_PROBLEM DETAILS_.
Return the material below exactly, but only from the line with "Elenker Rollator Walker with Seat & Backrest" through the line with "Greeploos badkamermeubel in", and without its pictures.

_INFORMATION PROVIDED_.
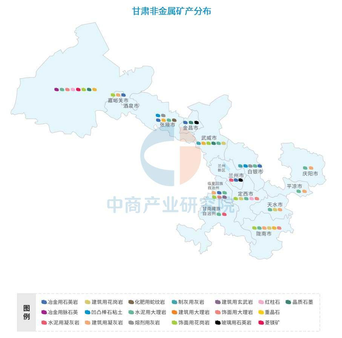 甘肃省非金属矿产资源分布中,冶金用脉石英、红柱石、菱镁矿主要集中分布在酒泉市,化肥用蛇纹岩集中在张掖市,玻璃用石英岩主要分布在兰州市,重晶石主要集中在陇南市。水泥用大理岩、建筑用花岗岩、饰面用花岗岩等非金属矿产分布较为广泛,在甘肃省大部分市(州)均有分布。
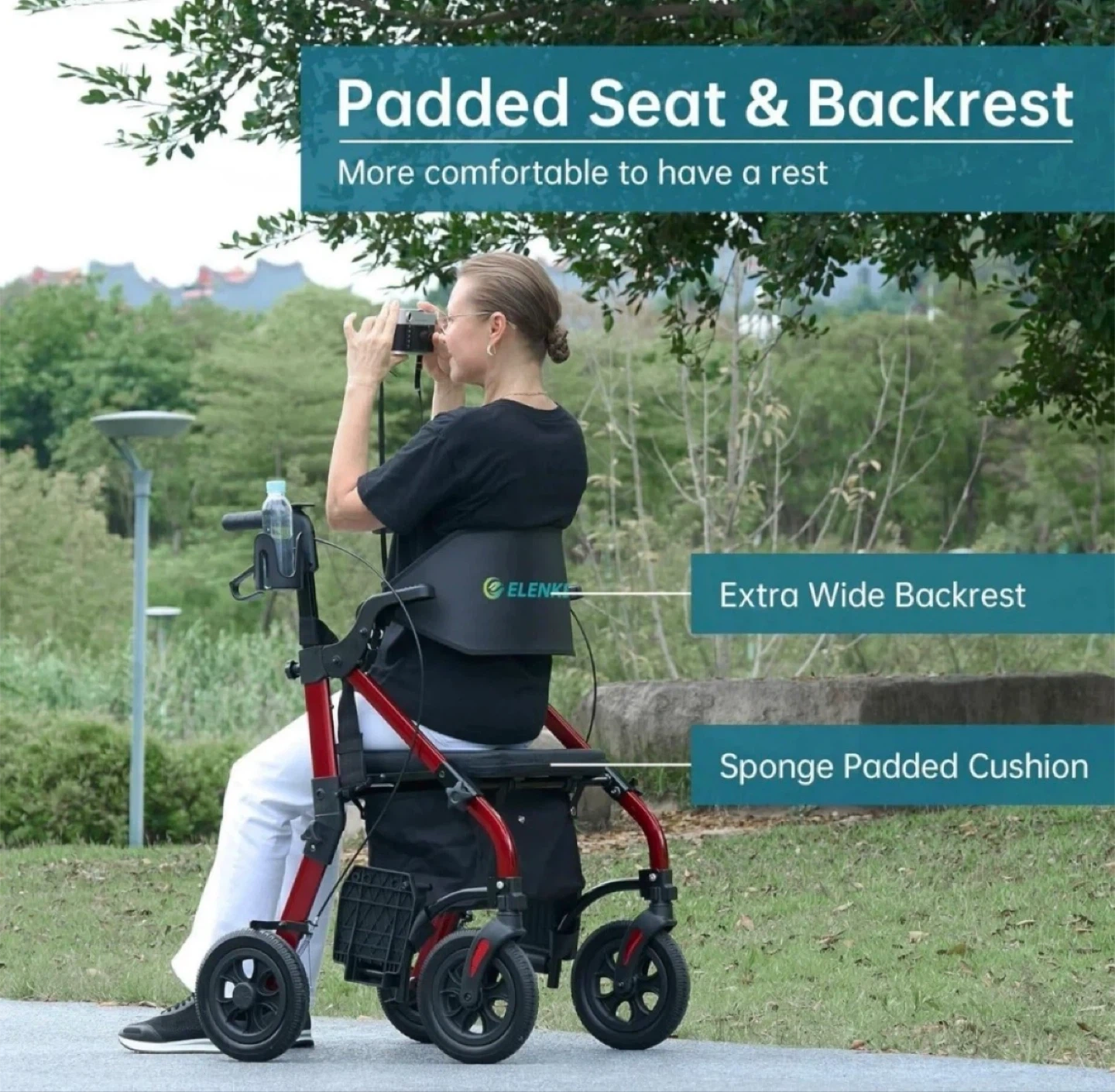 Elenker Rollator Walker with Seat & Backrest
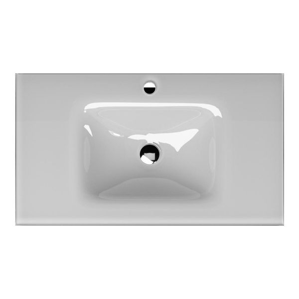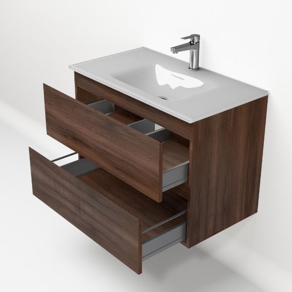 Greeploos badkamermeubel in de kleur walnoot is 80 cm breed. De wastafel is vervaardig in glas en heeft de kleur wit. Dit badkamermeubel met deze wastafel is leverbaar tussen de 60 cm t/m 140 cm
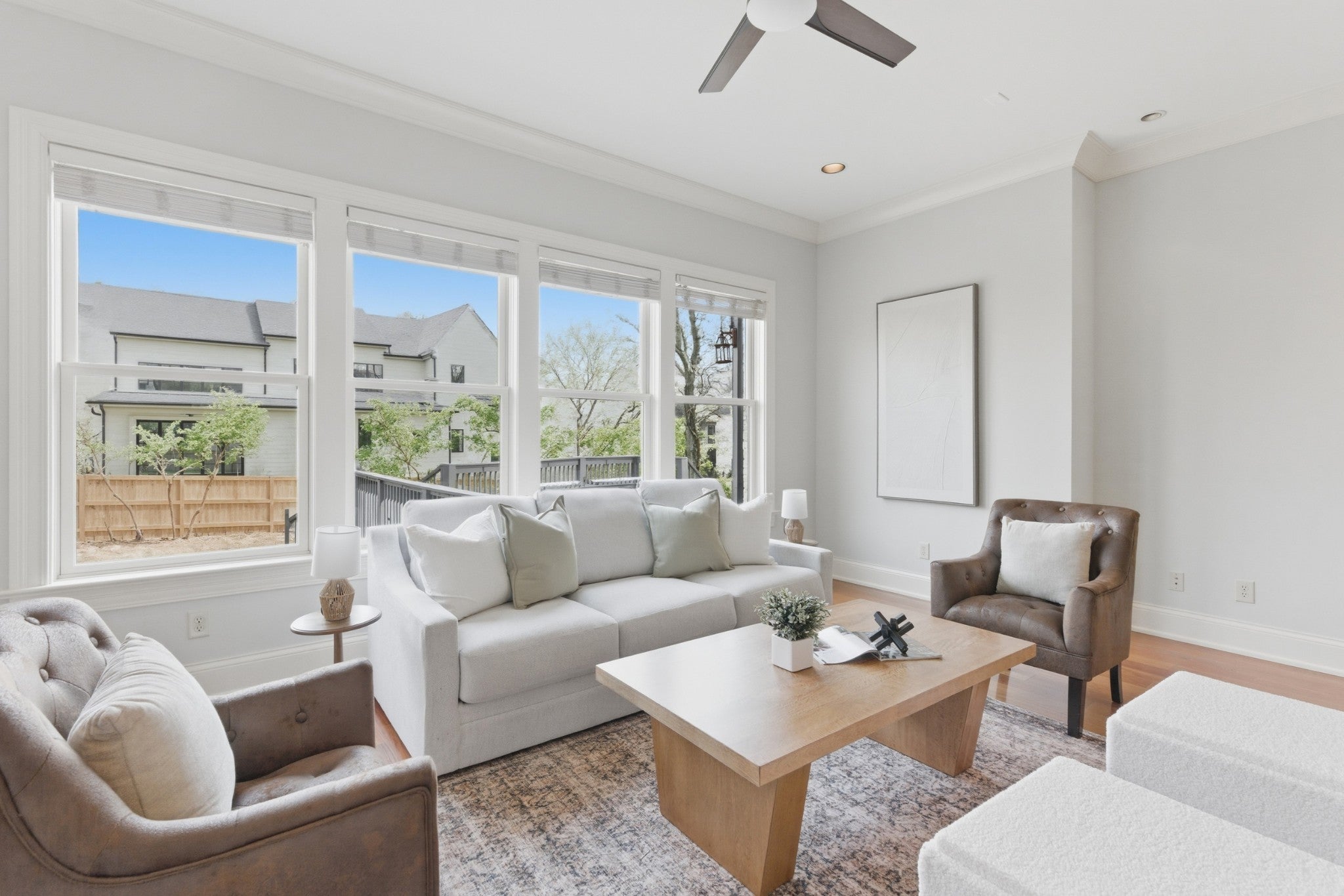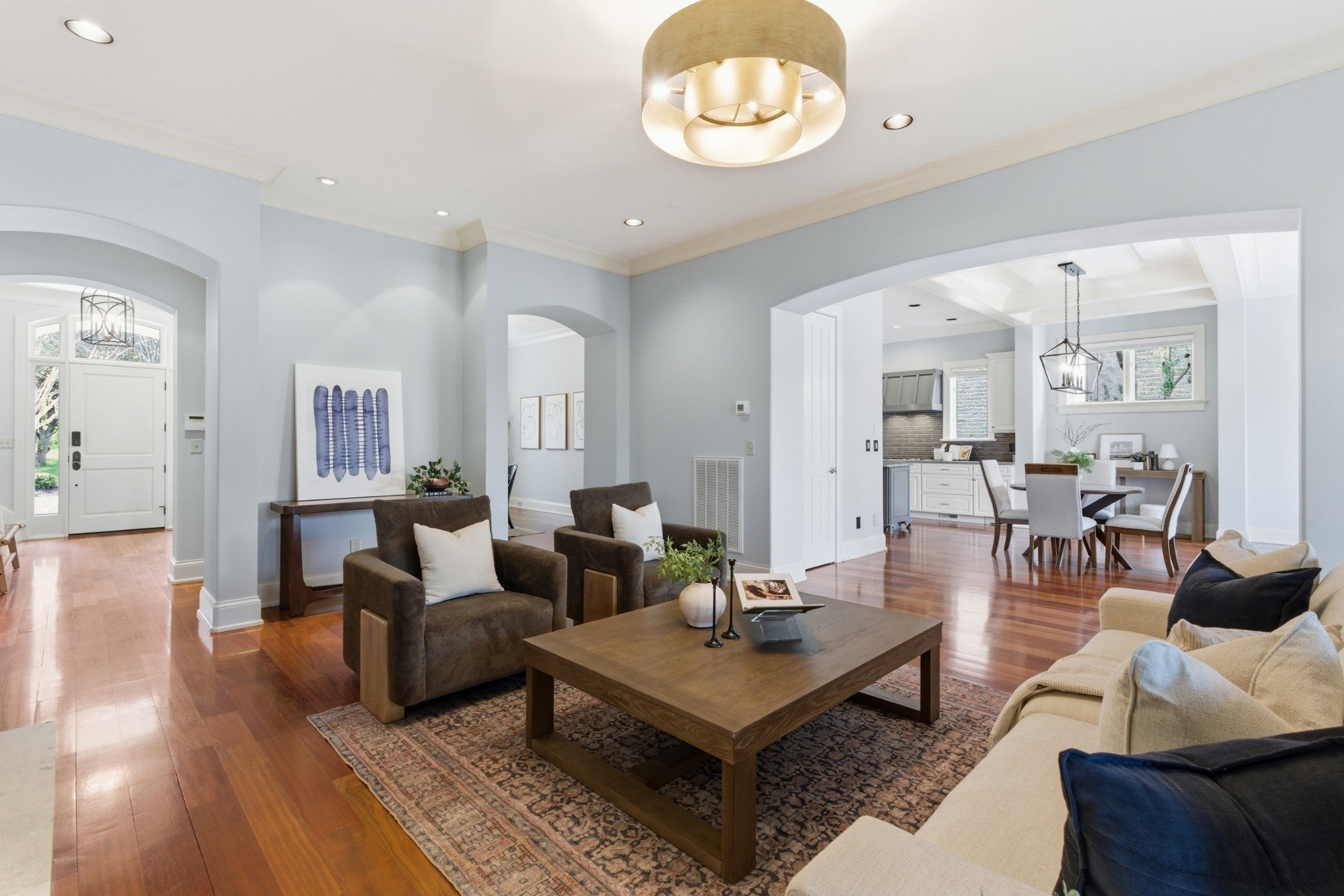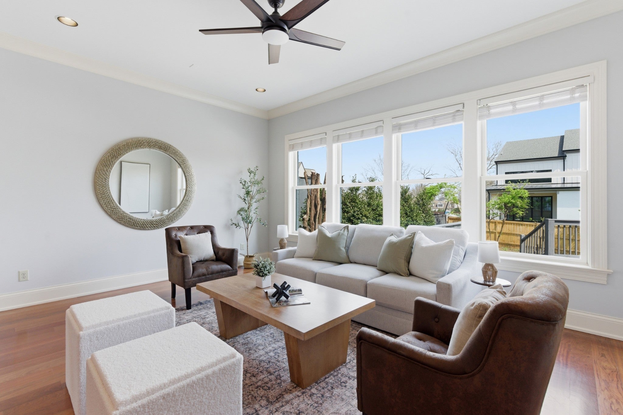 This special home sits on a quiet, non-cut-through street in Nashville and is perfectly laid out for both family living and entertaining. The open floorplan feels spacious, anchored by gorgeous Brazilian hardwood floors on the main level. The kitchen renovated in 2022. This home offers storage galore: a butler’s pantry, a walk-in pantry, two laundry rooms, and a massive conditioned walk-in attic. An enclosed Florida room/porch with a large fireplace and Pella windows and doors provides the perfect bonus space, while an upstairs bonus room with built-ins and skylights floods the area with natural light. Recent updates make this home truly move-in ready with freshly painted exterior in Sherwin-Williams Alabaster (main body) and Peppercorn (accents and trim), new carpet upstairs, roof and skylights replaced four years ago, three HVAC units (main level four years old, upstairs nine years old, and mini-split four years old), two hot water heaters approximately three and four years old, a whole-house central vacuum, full irrigation system, landscape lighting, and a low-maintenance Trex composite deck. It also features Sentricon termite protection maintained by Cook’s Pest Control, plus tons of shelving and built-ins in the garage and two additional storage units located between the homes. Built like Fort Knox by the late master builder Rogan Allen, this home features solid-core doors, thick walls, and custom details you simply won’t find in today’s new construction.

_ANSWER TO THIS PROBLEM_.
 Elenker Rollator Walker with Seat & Backrest
 Greeploos badkamermeubel in de kleur walnoot is 80 cm breed. De wastafel is vervaardig in glas en heeft de kleur wit. Dit badkamermeubel met deze wastafel is leverbaar tussen de 60 cm t/m 140 cm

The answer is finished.